While achieving success at international level the artist presents these images as part of a long-term personal document to capture Northern Ireland's disappearing culture. James has been documenting Co Antrim for over 20 years and these images are his favorites from what he takes from his home county. "In essence I want to know what objects can tell about people, while building a story from what they leave behind," James Hughes says. "I continue to photograph because I have to, I have photographed the almost forgotten terrain, a disappearing place."

All of the images in this exhibit have been taken on a 1960s Rolleiflex camera, apart from the panoramic landscape of Murlough Bay. For James, the main image of Murlough is "a timeless representation that oozes history", it was one of Roger Casement's favourite locations, he wished to be buried at the old churchyard after sailing past on the U-boat. The mound at the bay where one of the Dalriada kings is buried can also be seen in the panoramic picture, where the old castle stood: "I am using my photography and experience to analyse the traces which humanity leaves behind, in effect the phenomenon of portraiture in absentia," James says. "This subject matter is not entirely new but I believe that my photography of the phenomenon is indeed original in its content and in its way of dealing with such a subject."

The fine art collection contains images of bicycles, typewriters, an old hotel and a rare image from inside the old Gasworks attic.
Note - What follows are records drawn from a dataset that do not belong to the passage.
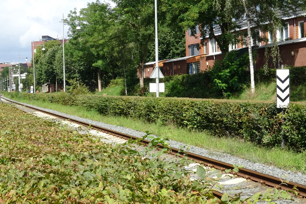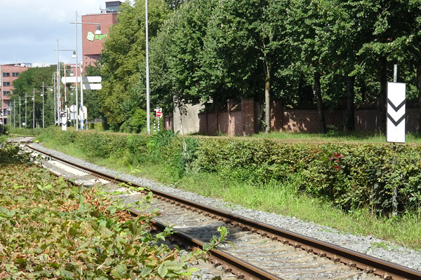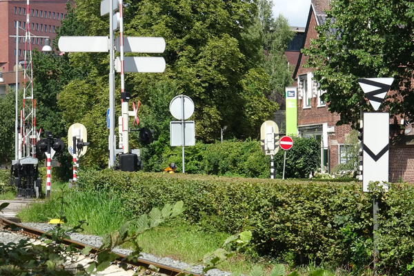 Amersfoort, 2 augustus 2025. Treinen die van de PON-lijn uit Leusden komen, komen bij station Amersfoort sein 5520 tegen. Officieel mag je dit geen dwergsein noemen maar een 'laaggeplaatst lichtsein', hoewel het niet echt laaggeplaatst is. Maar de betekenis is duidelijk: bij groen licht mag hier maximaal 40 km/uur worden gereden. Het sein heeft geen voorsein. In plaats hiervan worden keperbaken gebruikt: drie rechtopstaande borden die ongeveer 60 meter van elkaar vandaan staan. De betekenis is: snelheid verminderen zodat je op tijd kunt stoppen als het sein rood is. De overweg die je op deze foto's ziet is in de Utrechtseweg, zo'n 500 meter voor het station. |
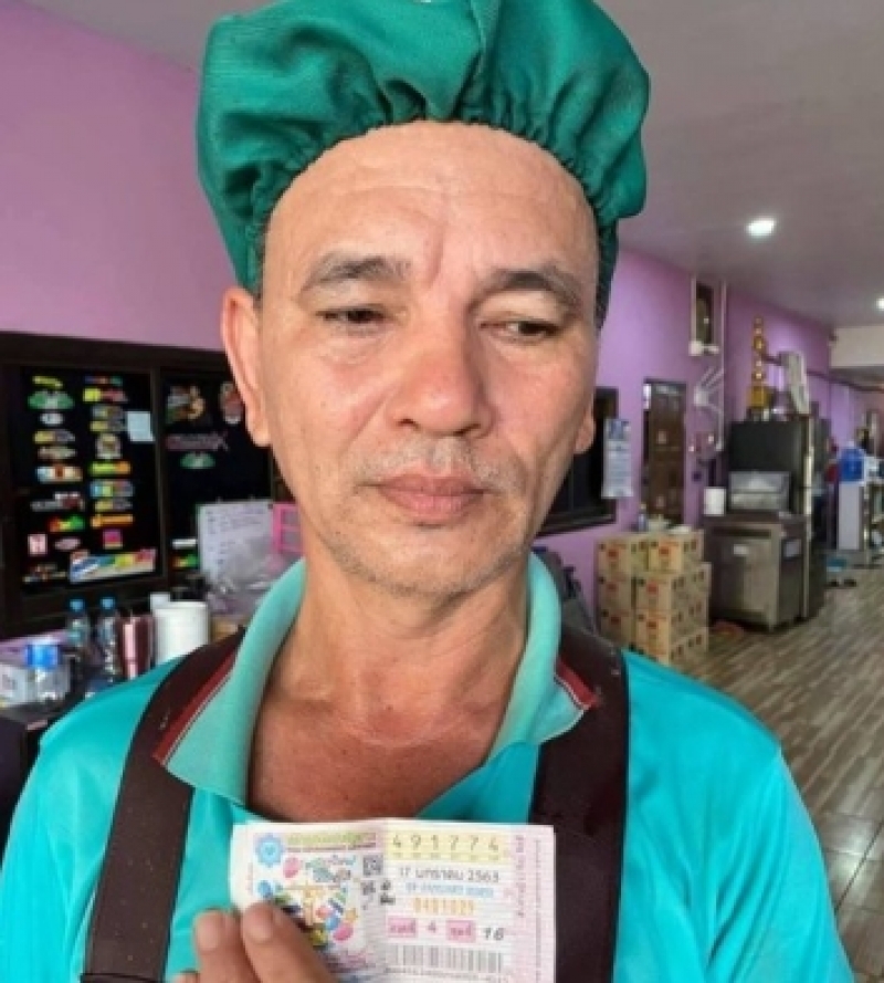 ฝันเป็นจริง คนงานร้านลูกชิ้น ถูกรางวัลที่ 1 แผง เจ๊เกียว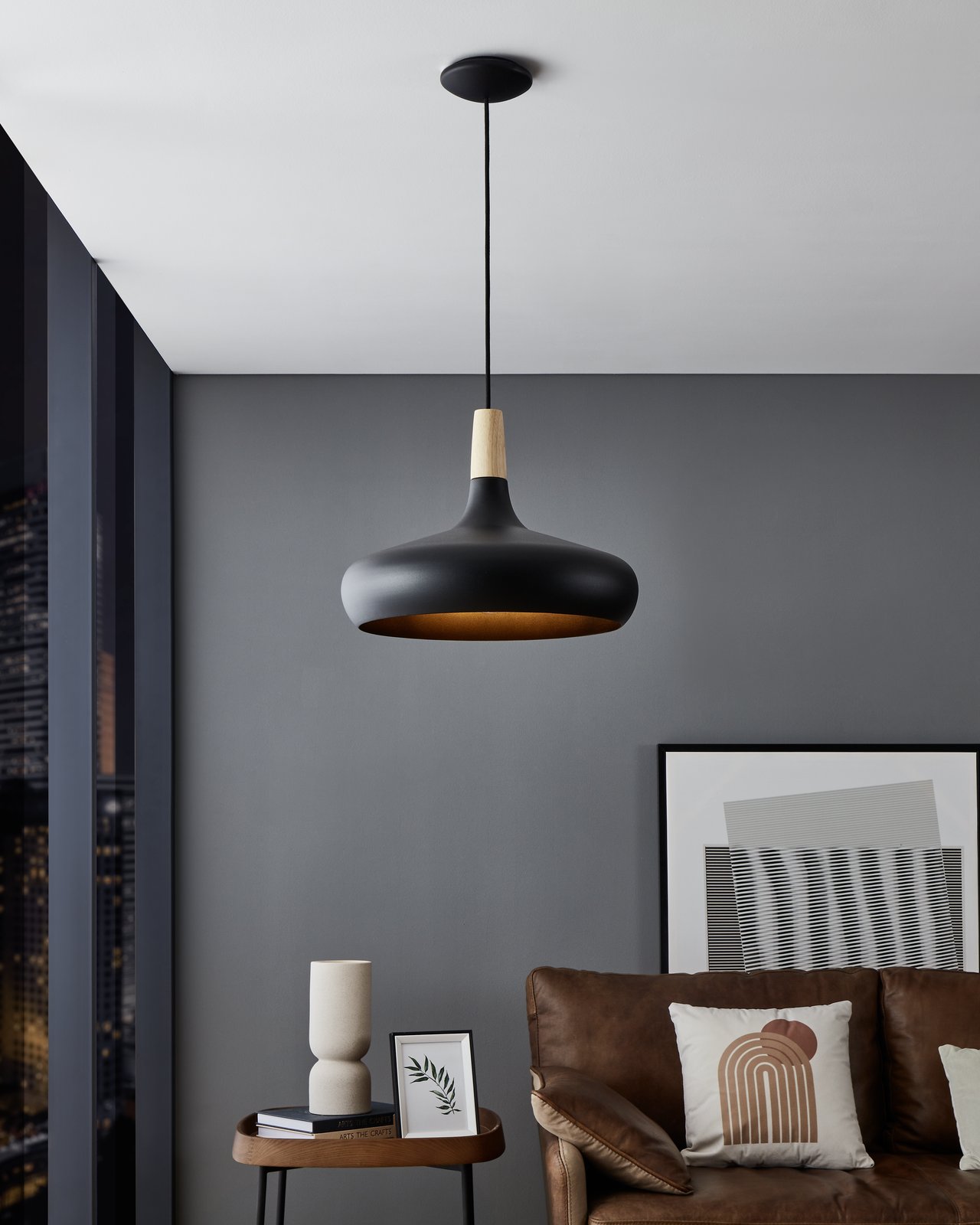 Moderne Sabinar-Pendelleuchten bestehen aus schwarzem Stahl mit einem braunen Holzelement. Sie haben ein schlichtes, klares Design, die schwarze Farbe verleiht ihnen ein elegantes Aussehen und macht sie zu einer idealen Wahl für Ihre Inneneinrichtung. |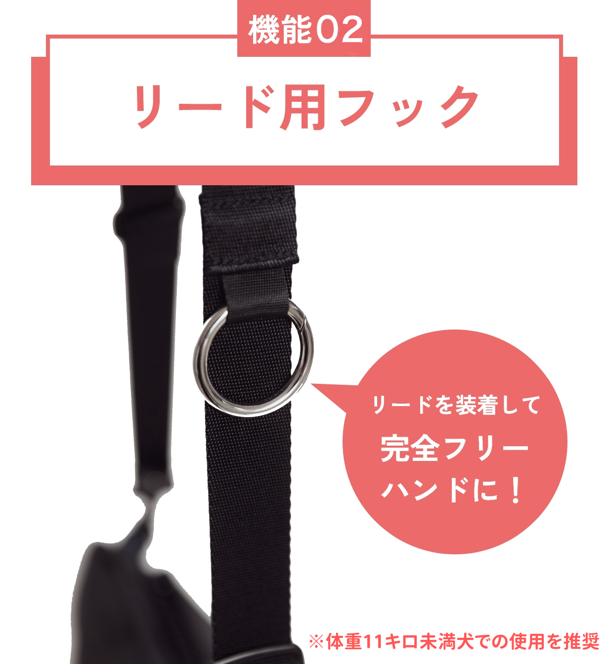 02:リード用フックショルダー部分のリード用リングフックを使用すれば、両手をフリーにしてお散歩ができます。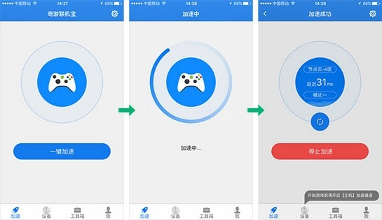 1、一键加速,轻松联机:打开应用,登录奇游账号后点击一键加速,仅需十秒即可完成联机。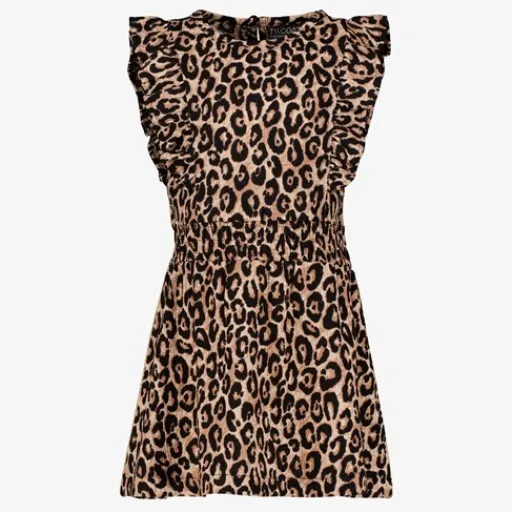Meisjes jurkje met luipaardprint. Voorzien van een ronde hals met een knoopje in de nek, ruches bij de mouwen en elastiek in de taille. Het jurkje heeft all over luipaardprint en is gemaakt van 98% polyester en 2% elastaan.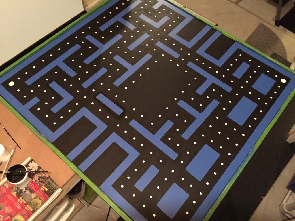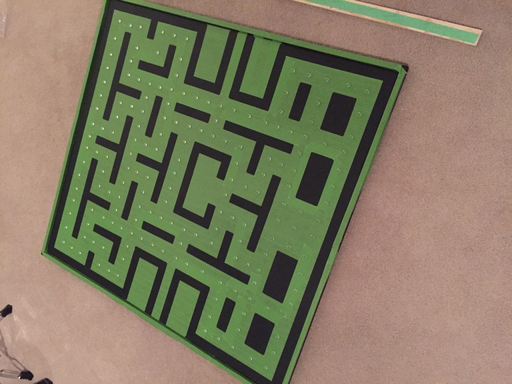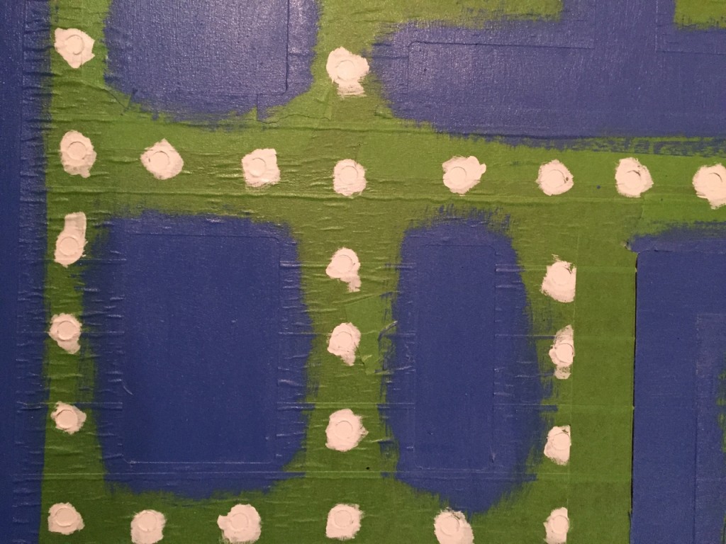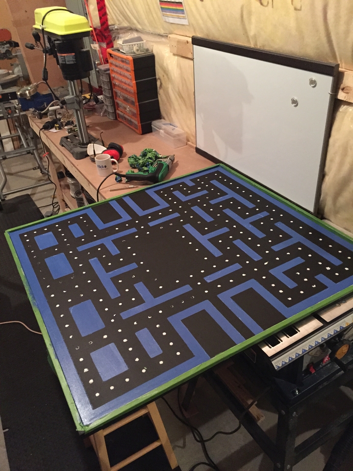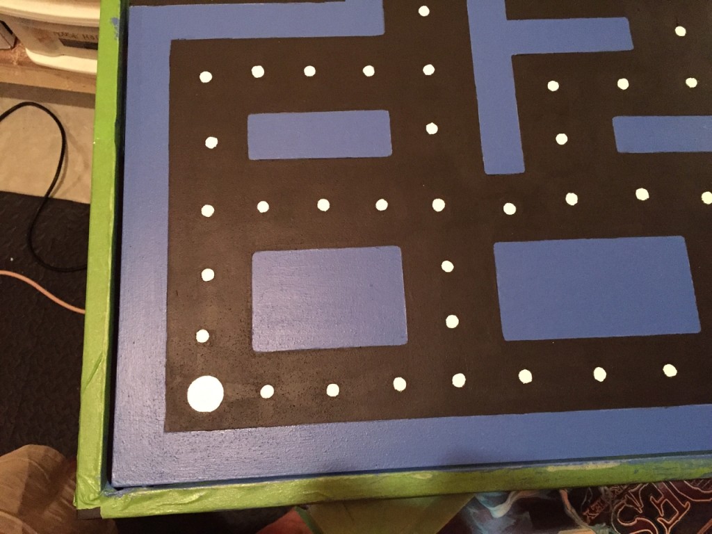 In order to transfer the Pac-Man like game board pattern to the painted base, I chose to tape the entire surface using painter’s tape. Following that, the acrylic pieces need to be laid out and traced, including all of the pellets from the pattern. Once traced, I cut them out with an X-Acto knife, and then created a special, circular drill bit to cut out the pellets. I chose to use those threaded wire funnels that come with light fixtures, but I needed to grind the bit for the edges to become sharp. Once the tape for the board pieces was cut out and removed, this exposed the flat black surface for paint.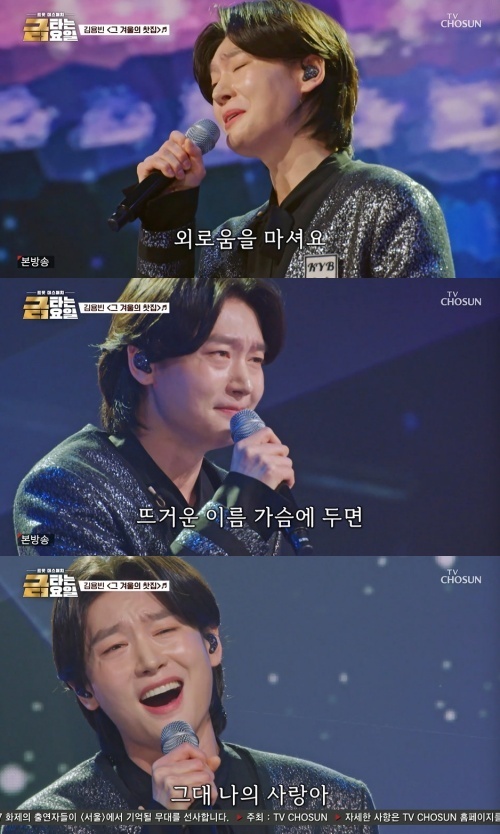 100점을 향한 그의 노래가 시작됐다. 김용빈은 부드러운 목소리로 노래의 감정을 전달했다. 애절함을 폭발시키는 그의 노래에 사람들이 빠져들었다. 김용빈의 무대를 본 가수들도 박수를 보냈다.

The pictures are of subjective objects mostly ravaged by the material culture so hard to escape in our world and aims to bring people to their own understandings of solitude. "For me it also emulates a pictorial symbolisation of social, cultural and psychological relationships, an awareness of identity and meaning," James says. "It becomes a way to communicate interior elements of the photographer's self-identity and his individual experiences. These can lead us through an instrinsically delicate world of dreams and passions that merge into the dark imagery of broken promises and failures, something that we locally are having to come to terms with".

James' work can also be seen in the Creative Review and the British Journal of Photography. James is exhibiting his work in association with the Falls Fine Arts and Crafts at the Conway Mill. The fine arts and crafts centre has been set up as a non-profit organisation to promote local artists and craft workers, a platform for local ability. [ ... ]

Ronan McManus, The Irish News, "Instilling a Sense of Place and Solitude on Film", March 18th, 2006, Weekend edition, Visual Arts, page 38.